Dr. Papamichail awarded NSF-CCF grant for combinatorial design of synthetic gene variants

Dr. Dimitris Papamichail, Assistant Professor of Computer Science, has been awarded a research grant from the National Science Foundation’s Division of Computing and Communication Foundations (NSF-CCF) core program.

dimi_small4Dr. Papamichail’s research focuses on computational design of synthetic genes with enhanced properties. Synthetic Biology moves beyond conventional genetic manipulation to construct novel biological components which do not originate in nature. There exists though a big gap of knowledge between genomic sequence and function. To enhance understanding of gene expression, researchers have constructed and evaluated libraries of gene variants, which traditionally have limited size due to synthesis costs, and random or biased composition.
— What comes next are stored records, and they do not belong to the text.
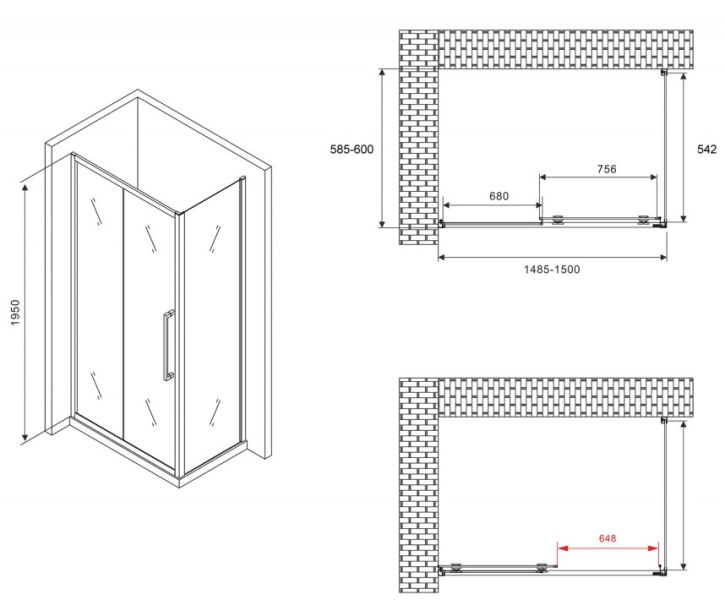 Душевой уголок ABBER Schwarzer Diamant AG30150H-S60 150x60см хром
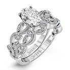 This beautiful vintage-inspired engagement ring design is built for an oval center stone and contains the perfect touches of .28 ctw of white diamonds in its midst.
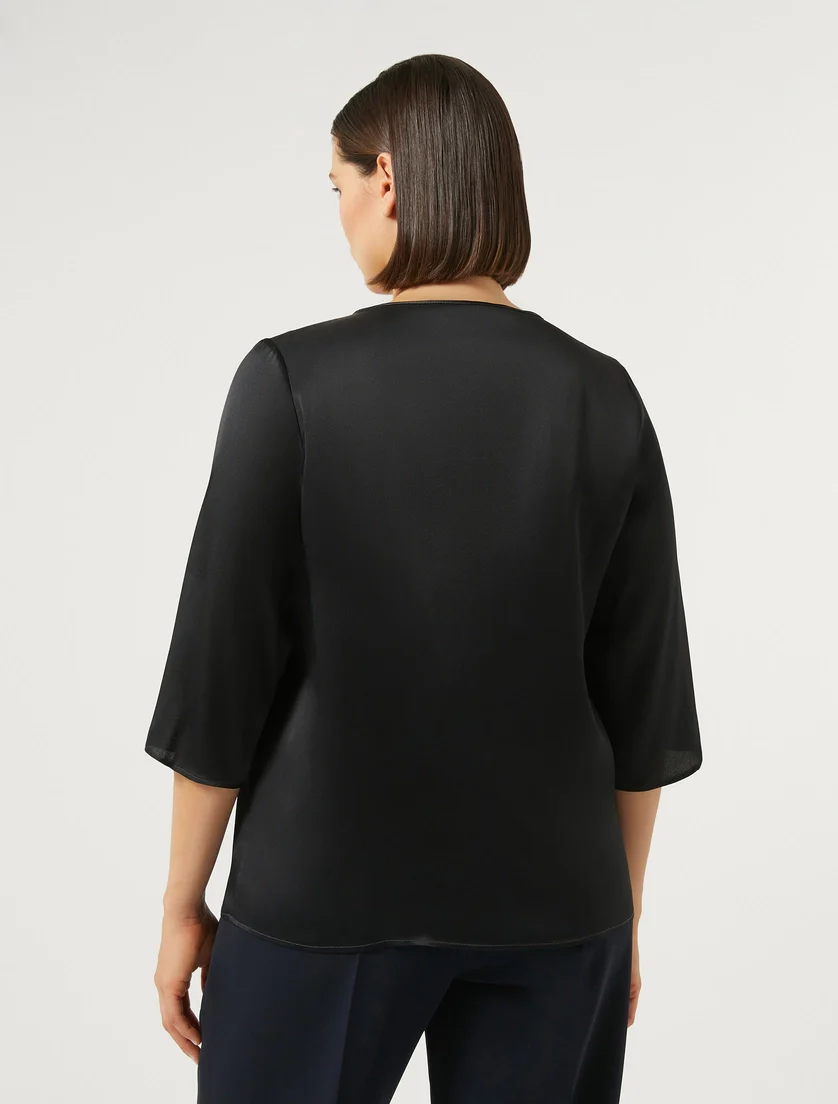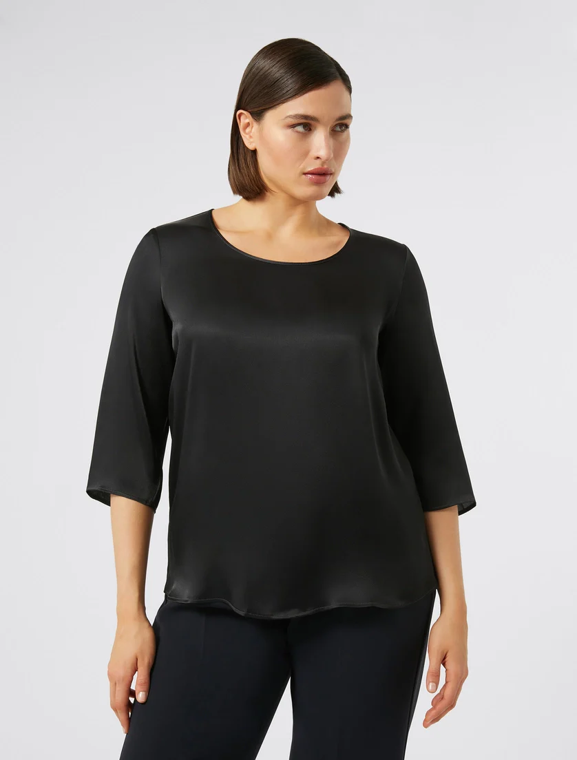 Blusa in misto seta donna, linea dritta, collo rotondo, maniche a tre quarti e sfoderata, colore blu notte
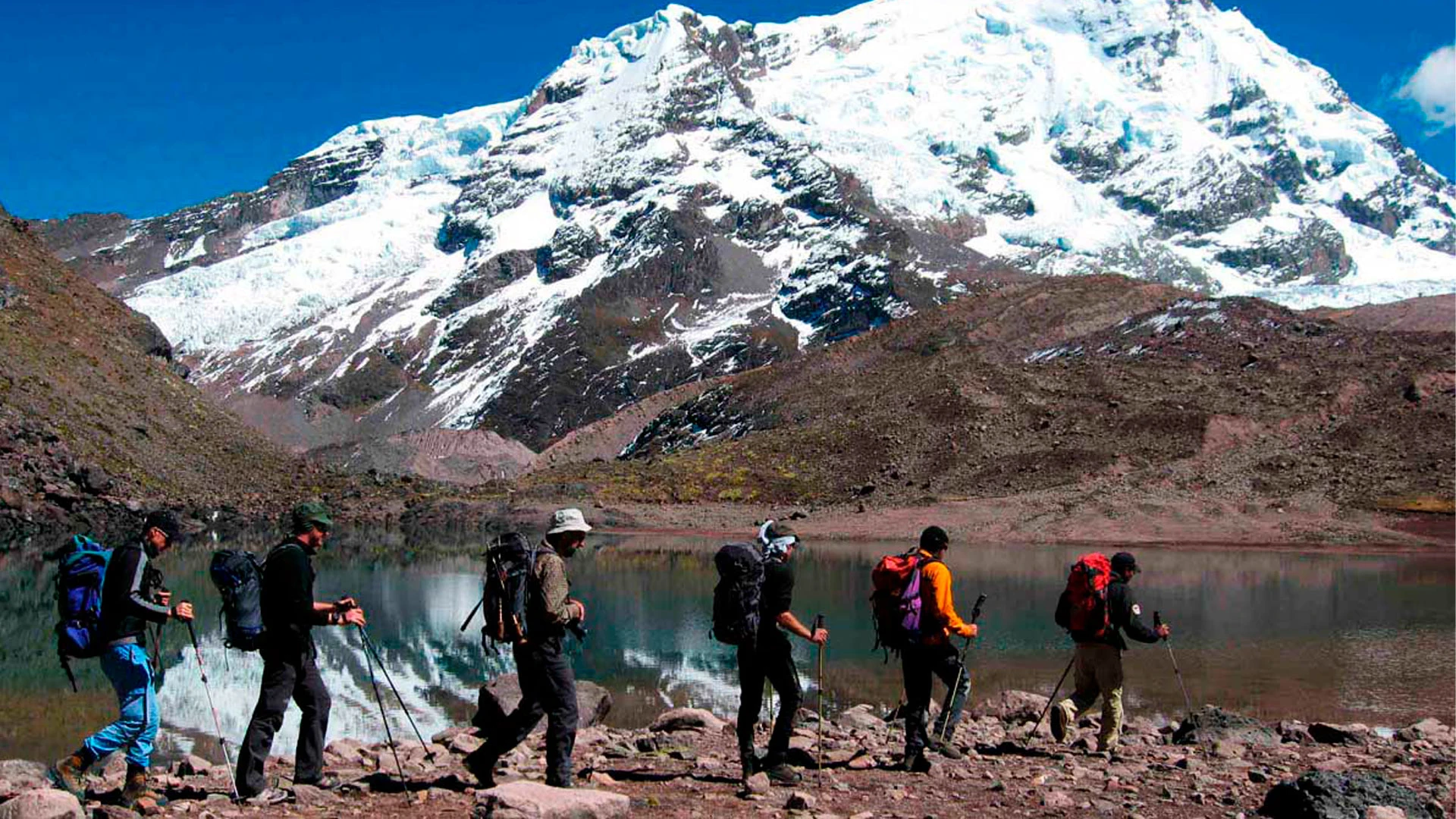 Next, we’ll go uphill for about three and a half hours to the viewpoint of Ninaparayoc. Along the way, we’ll pass by Comercocha and Alqacocha, lakes of blue and turquoise waters located at the foot of the enigmatic glacier of Callangate. Later, we’ll return to Pacchanta and, on the trail, visit the lakes of Patacocha, Otorongococha, Azulcocha, and others.

This grant will enable exploration of the combinatorial design of synthetic gene variants to aid the construction of large scale, purposed libraries. The aim is to assay the most important sequence features which determine gene expression, while minimizing experimental cost and maximizing the exploration of the coding landscape.

Over the next two years Dr. Papamichail, with the aid of TCNJ research students, aims to develop new algorithmic results in combinatorial design of diverse gene libraries with minimized cost. TCNJ students will participate in developing both the algorithms and the software that will be used to design the next generation of large-scale synthetic construct experiments.

The research will be performed in collaboration with Dr. J. Robert Coleman, Assistant Professor of Microbiology at SUNY – Farmingdale State College. Dr. Coleman will test the computationally designed synthetic libraries in a wet-lab and evaluate the reporter gene variants. This will help determine quantitative effects of modified features on expression in a model organism (E.coli), thus validating the algorithmic designs.